E se il centro-sinistra perdesse la Regione?

«Sarebbe un guaio».

E’ preoccupato per l’ondata nazionalista?

«Quello che considero più pericoloso è l’aspetto regressivo sul piano culturale e civile che viene prodotto dalla loro propaganda sul tema dell’immigrazione. E inoltre, il processo di logoramento della democrazia rappresentativa che viene attuato da una parte con lo svuotamento del ruolo del Parlamento e dall’altra con la spinta verso soluzioni plebiscitarie alla Putin, che piacciono tanto a Salvini quanto a Di Maio. Per contrastarli la sinistra deve rendere visibili le proprie ragioni, tornando ad incidere nella vita concreta dei lavoratori, dei giovani, dei ceti più disagiati attraverso l’apporto di un miglioramento reale».

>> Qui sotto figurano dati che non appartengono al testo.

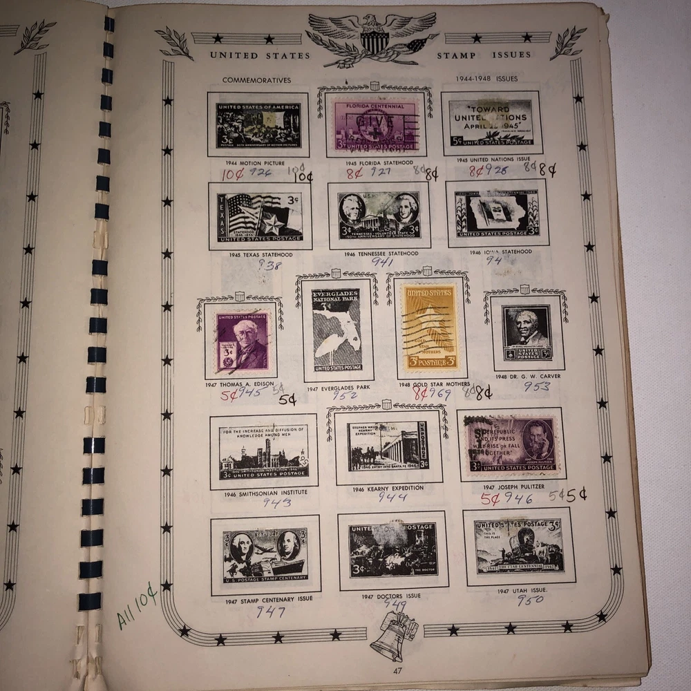 This great item belonged to my father who was 13 years old back in 1961 when he received this item and starting collecting stamps. He wrote his name on the back cover. This Jefferson United States Stamp Album from 1961 Edition is a must-have for any stamp collector. The album contains a variety of stamps that were manufactured in the United States. The quality of the stamps is used and they are ungraded. The album is uncertified and is a great addition to any collection. The album is perfect for collectors who are interested in United States stamps from the 1901-Now era. It is a great way to add to your collection and organize your stamps. The album was manufactured in the United States and is a piece of history that any collector would be proud to own.
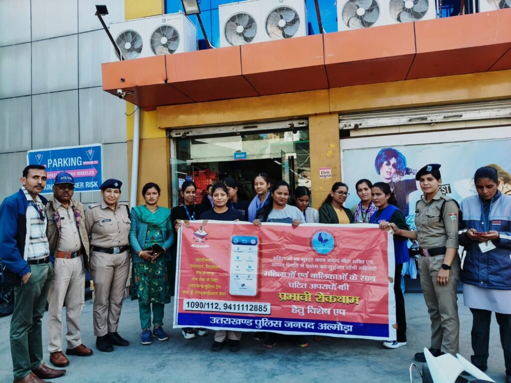 दिनांक 13.10.2025/14.10.2025 को अपर पुलिस अधीक्षक श्री हरबन्स सिंह व सीओ अल्मोड़ा गोपाल दत्त जोशी के पर्यवेक्षण में प्रभारी निरीक्षक श्रीमती जानकी भण्डारी, महिला कोतवाली अल्मोड़ा के नेतृत्व में महिला पुलिस टीम द्वारा वियर शिवा स्कूल व एडम्स स्कूल में अध्यनरत छात्राओं व विशाल मेगा मार्ट में कार्यरत स्टॉफ व महिलाओं को महिला सुरक्षा सहित विभिन्न विषयों के संबंध में जानकारी दी गई। बालिकाओं को उत्तराखंड पुलिस एप के गौरा शक्ति में महिलाओं को मिलने वाली तात्कालिक सहायता सुविधाओं के बारे में विस्तृत जानकारी देते हुए, गौरा शक्ति में महिलाओं का रजिस्ट्रेशन कराया गया।

Tutte le volte che le è stato chiesto, con “spirito di partito”, lei si è messo a disposizione. Si metterebbe ancora in gioco?

«È vero, non mi sono mai tirato indietro. E non ho mai pensato in termini di candidatura personale. Ho avuto la fortuna di essere chiamato a impegni e responsabilità di un certo peso. Quindi, penso di aver già dato. Tuttavia, ciò non significa scappare di fronte alle sfide, a cominciare da quelle del nostro territorio».